**Exercise aim**
Below are some records. Return exactly their lines from the one containing "Корпус печи покрыт" through the one containing "Figure 2. Smoothed", and drop the pictures.

[Opening Supplied material section]

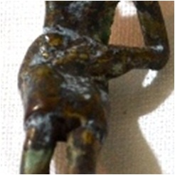 Bronze probably a part of a handle. A female figure is shown with a basket over her head. She holds the basket with her right hand and the left is akimbo. The lean body is shown bent at the waist and the knee. Modelling is simple but effective.
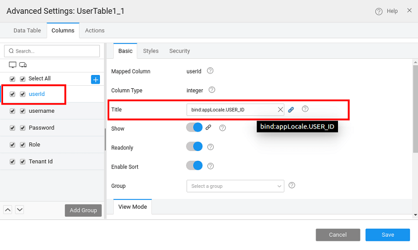 - The column names need to be added in the localization i.e., i18n dialog as message keys
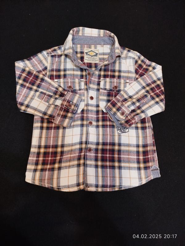 Очень классная и стильная рубашка Next в отличном состоянии на ребёнка 9-12 месяцев. Длина изделия по спинке от плеча 36 см, от плеча до плеча 24 см, полуобхват груди 28 см, длина рукава 27 см. Ткань хлопок, плохо тянется. Модель 5845
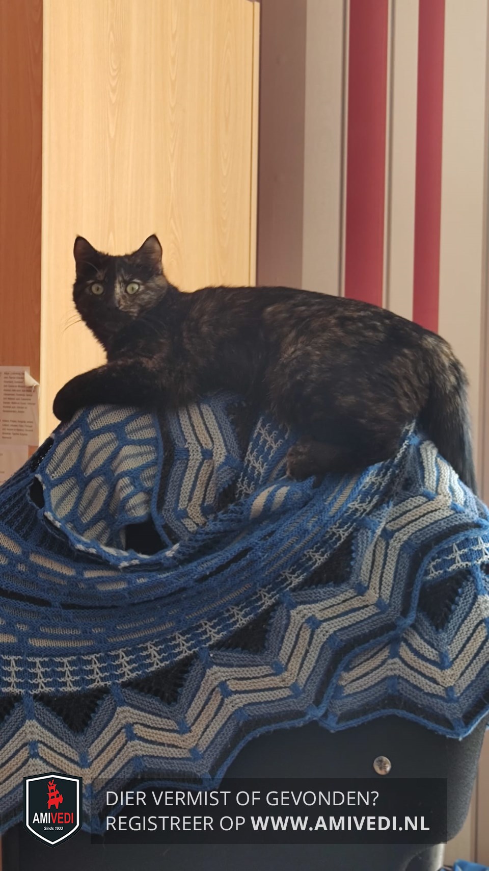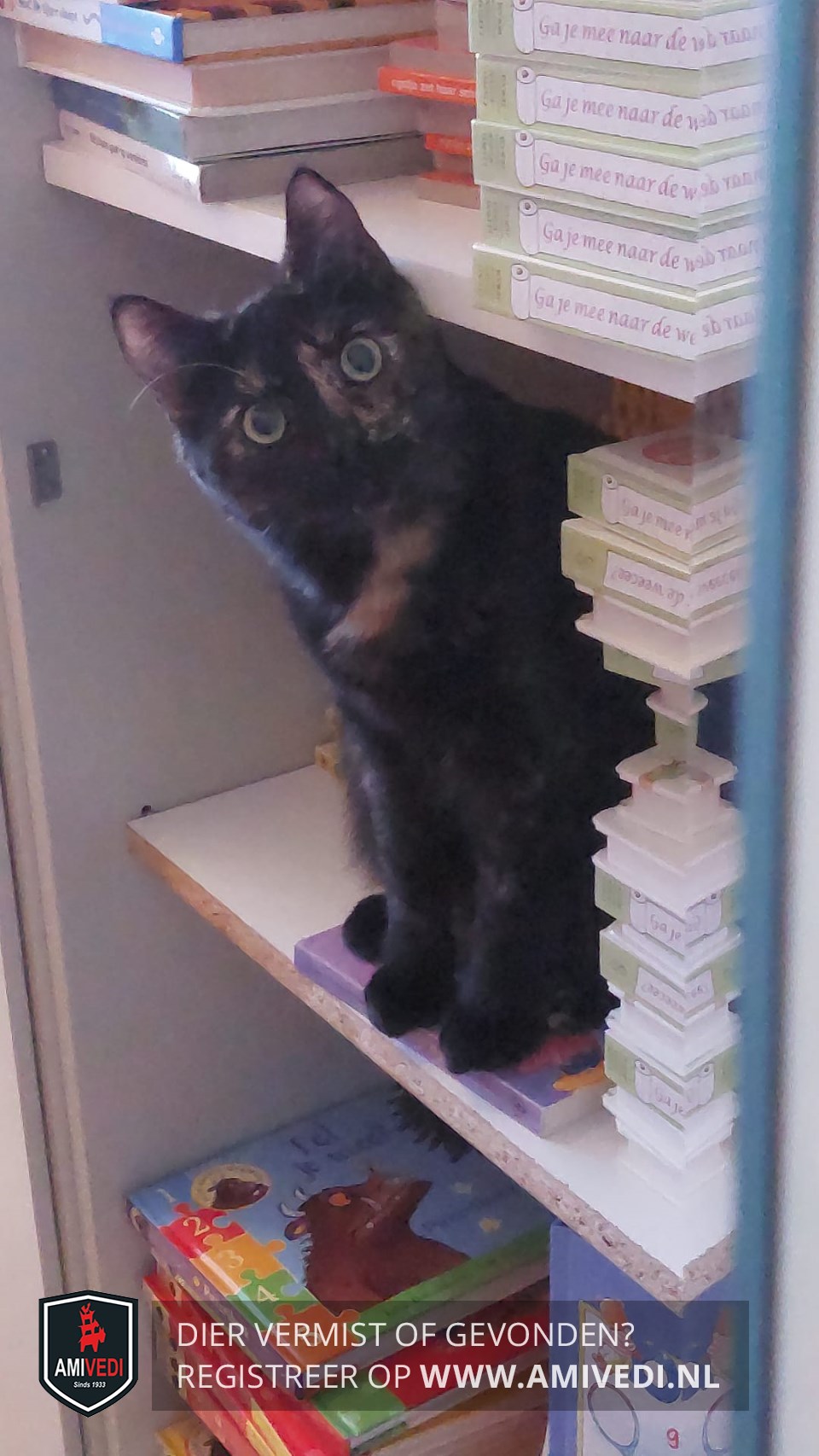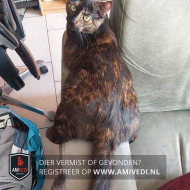 | Signalement | Schildpad poesje: Rode streep over de neusbrug, vlek op de borst, gemeleerde vlekjes over de hele vacht. |
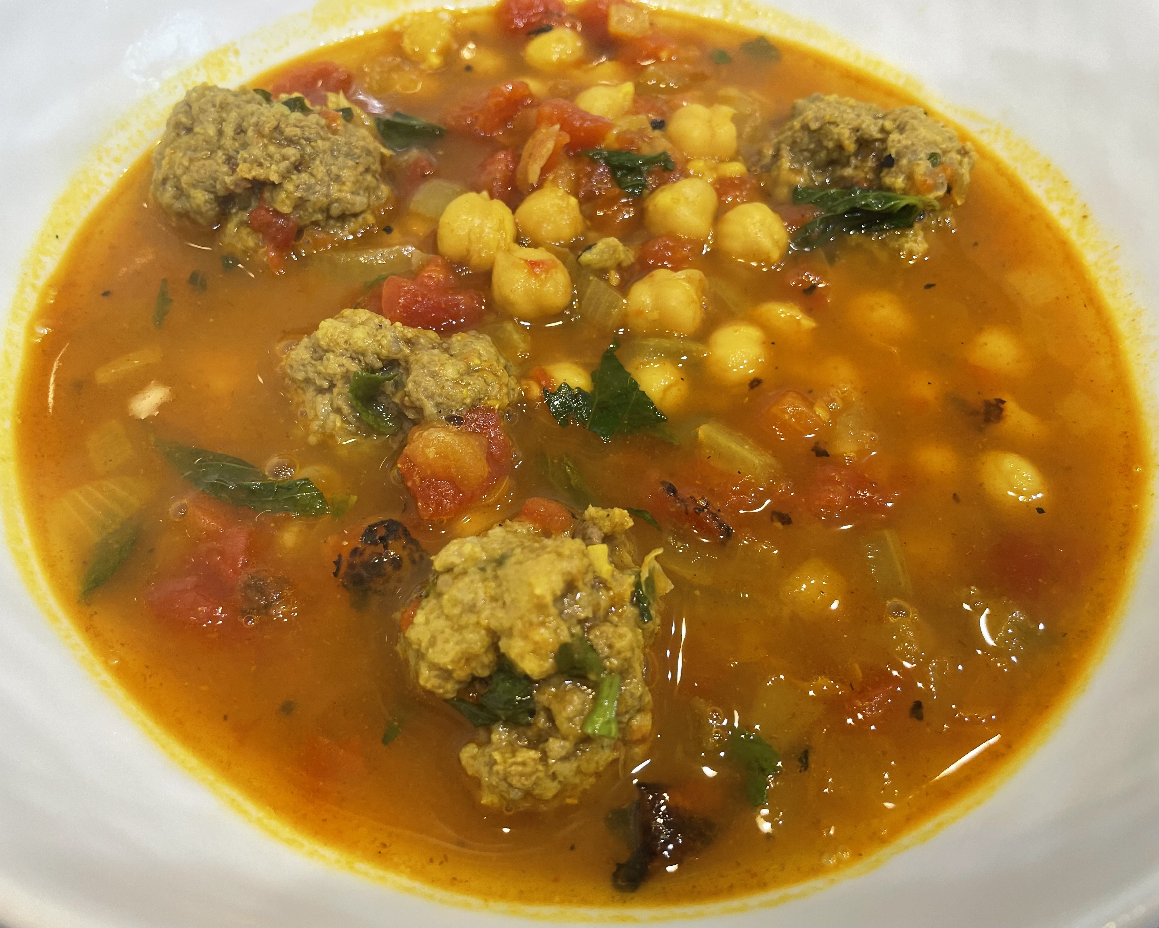 Variation on Libyan sharba - meatballs (ground beef, soaked bread, fresh mint), chickpeas (quarter of it mashed to give the soup some body), diced tomatoes with chilies, harissa, cumin, turmeric and fresh mint cooked in chicken broth
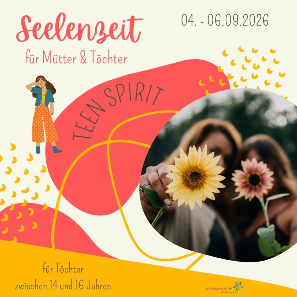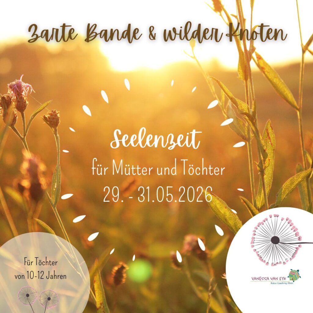 Verwoben, verwirrt, verstrickt und verbunden – eine Seelenzeit für Mütter und ihre jugendlichen Töchter. Die Töchter – suchend, rebellisch, zornig, strahlend. Die Mütter – fragend, regelnd, wehmütig, liebend. Dazwischen viele Töne, Farben, Stimmungen, Wünsche und Träume. Eine bewegte Zeit für unser Beziehungsband. Wir schenken uns ein gemeinsames Wochenende, schöpfen aus unserem Vollen und schauen, welche Spur wir gegangen und welche Richtung wir nehmen möchten.
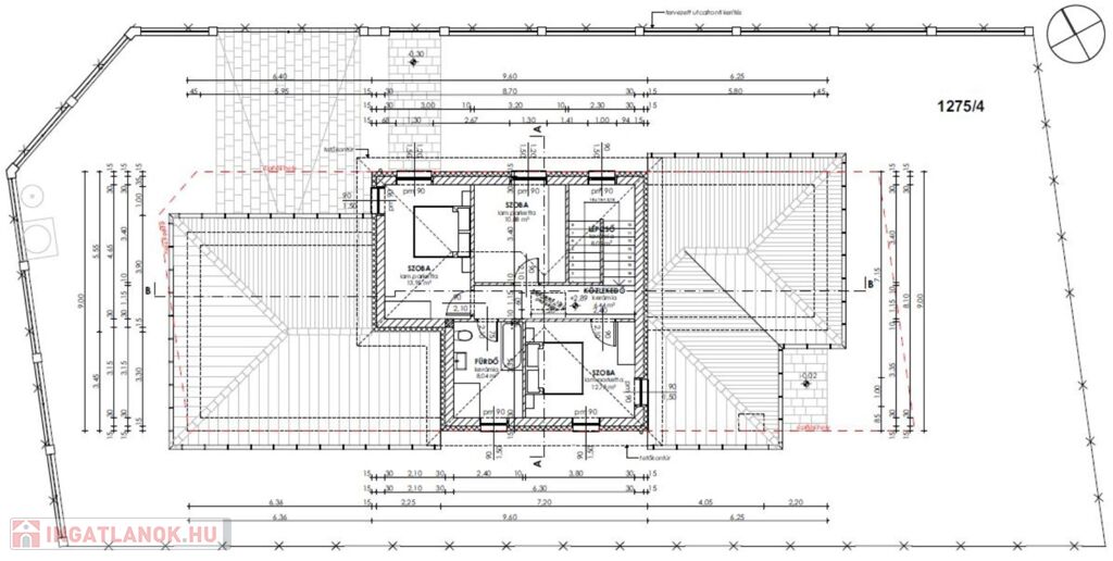 Az ingatlan egy 642m2 alapterületű saroktelken épül, garázzsal együtt két szinten összesen ~180nm alapterülettel.
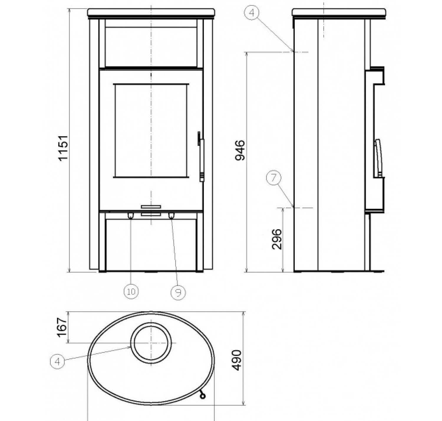 Корпус печи покрыт специальной краской, выдерживающей высокие температурные нагрузки. Корпус данной модели имеет цилиндрическую форму, поэтому ее можно поставит не только возле стены, но и в углу помещения. Island 5 — это хороший выбор для владельцев небольшого дома.
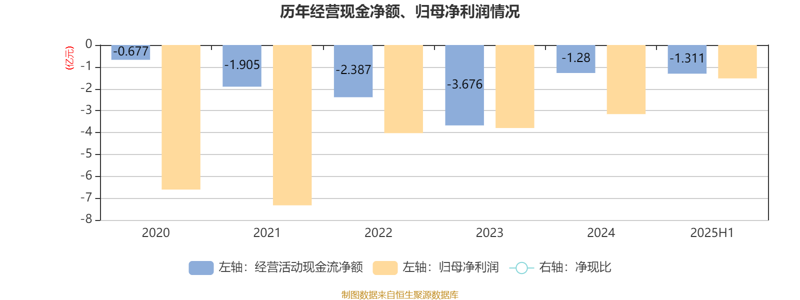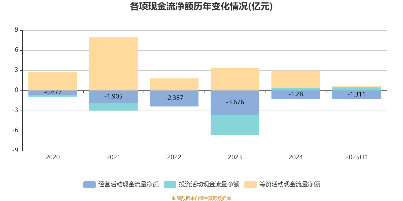2025年上半年,公司经营活动现金流净额为-1.31亿元;筹资活动现金流净额1606.4万元;投资活动现金流净额4520.1万元。
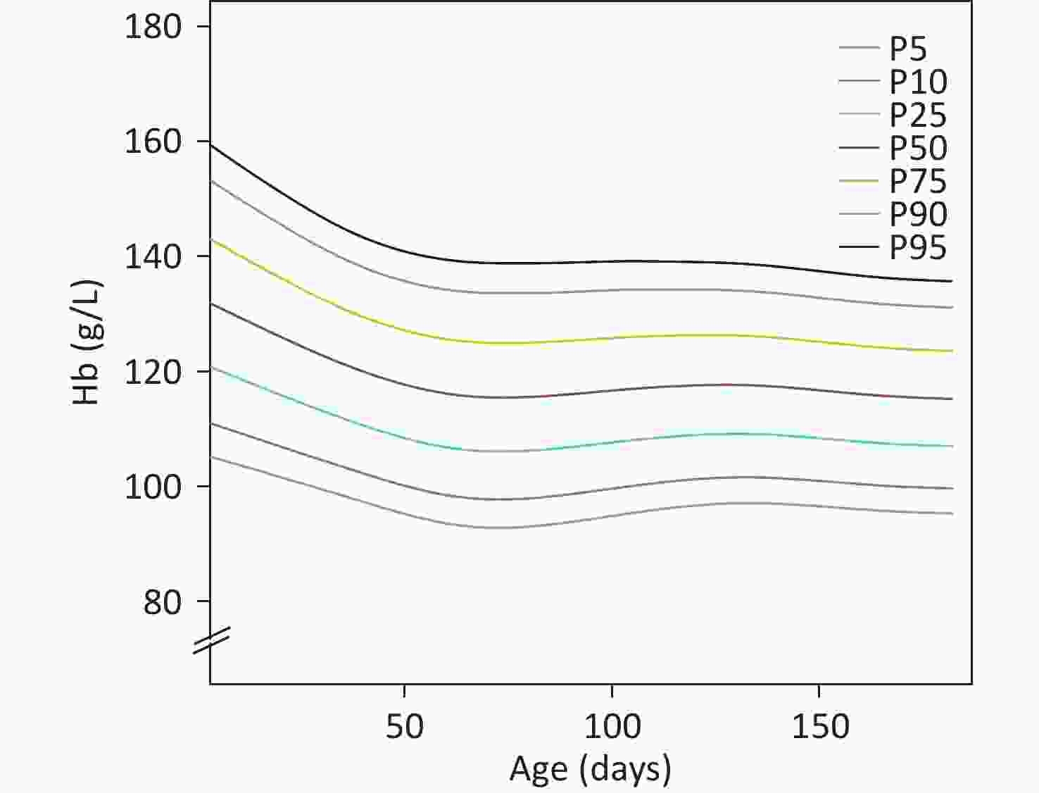 Figure 2. Smoothed hemoglobin percentile curves for infants aged 0–180 days in the analytical sample.
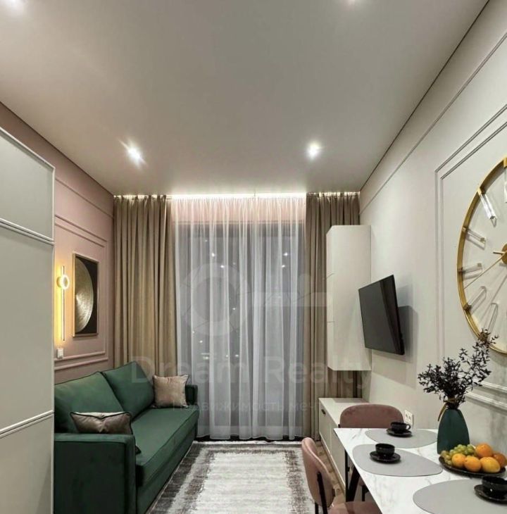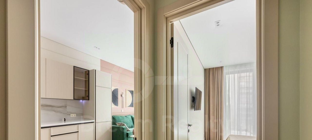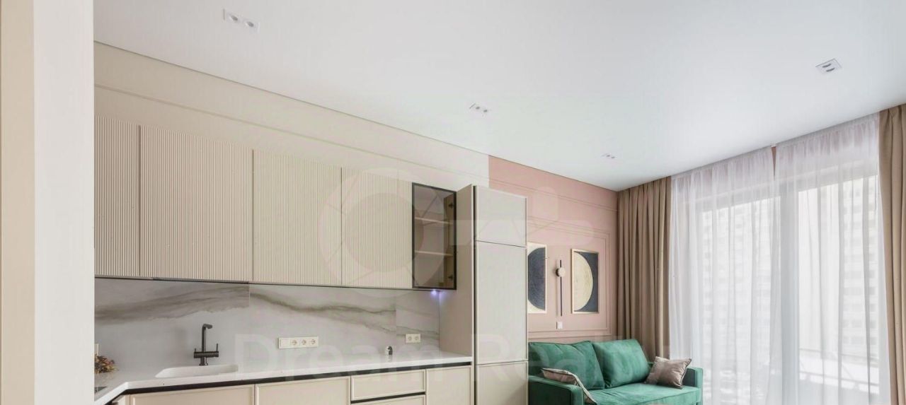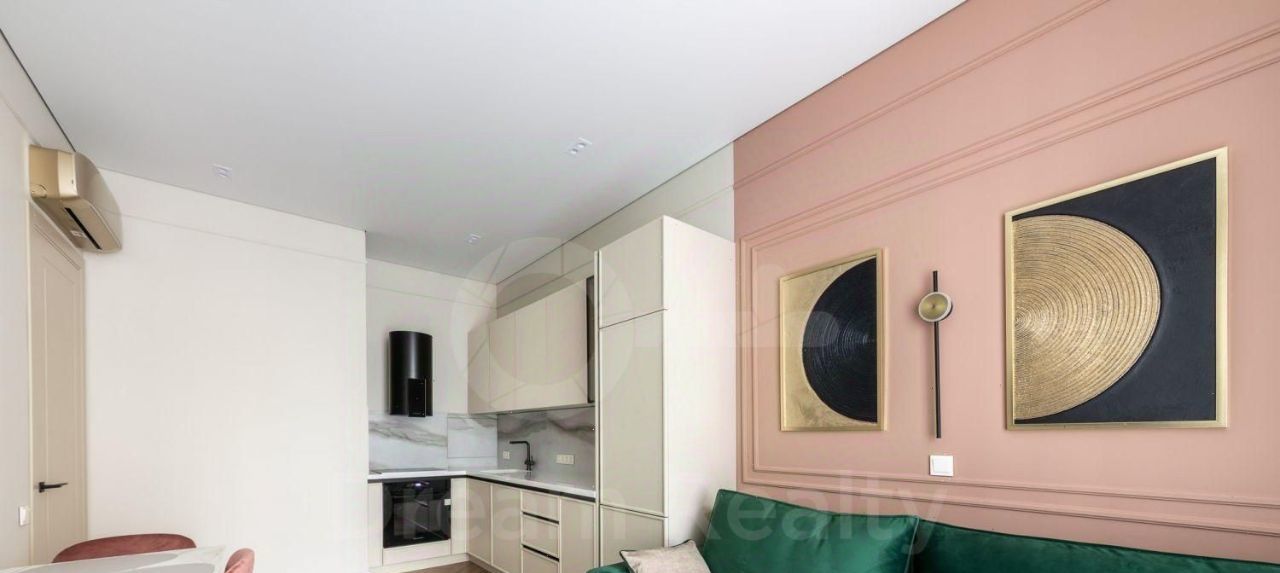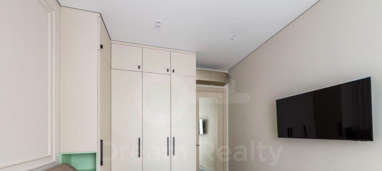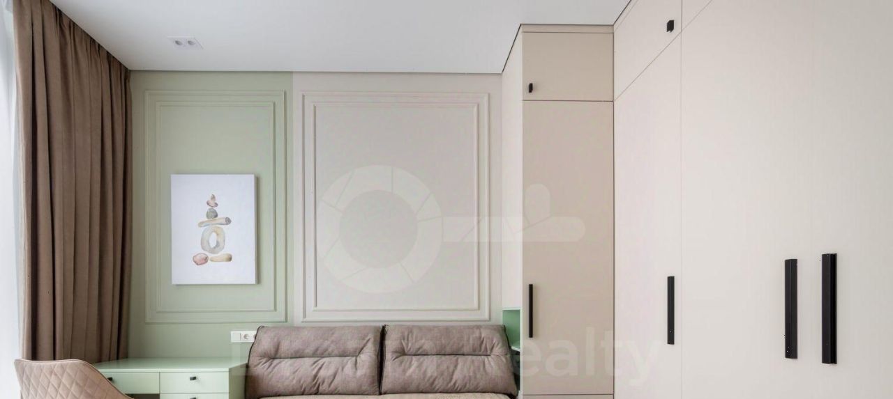 ID 8063. Квартира с дизайнерским ремонтом, мебелью и техникой в премиальном ЖК "Dialog". Высокие потолки - 3.25 м., спальня - 12.5 кв.м., кухня-гостиная - 17.5 кв.м., зонально - 8.1/9.7 кв.м. Квартира оборудована гардеробной комнатой. Окна обращены в сторону двора, направление юго-восток.

[Closing Supplied material section]

**Reply to the exercise**
 Корпус печи покрыт специальной краской, выдерживающей высокие температурные нагрузки. Корпус данной модели имеет цилиндрическую форму, поэтому ее можно поставит не только возле стены, но и в углу помещения. Island 5 — это хороший выбор для владельцев небольшого дома.
2025年上半年,公司经营活动现金流净额为-1.31亿元;筹资活动现金流净额1606.4万元;投资活动现金流净额4520.1万元。
 Figure 2. Smoothed hemoglobin percentile curves for infants aged 0–180 days in the analytical sample.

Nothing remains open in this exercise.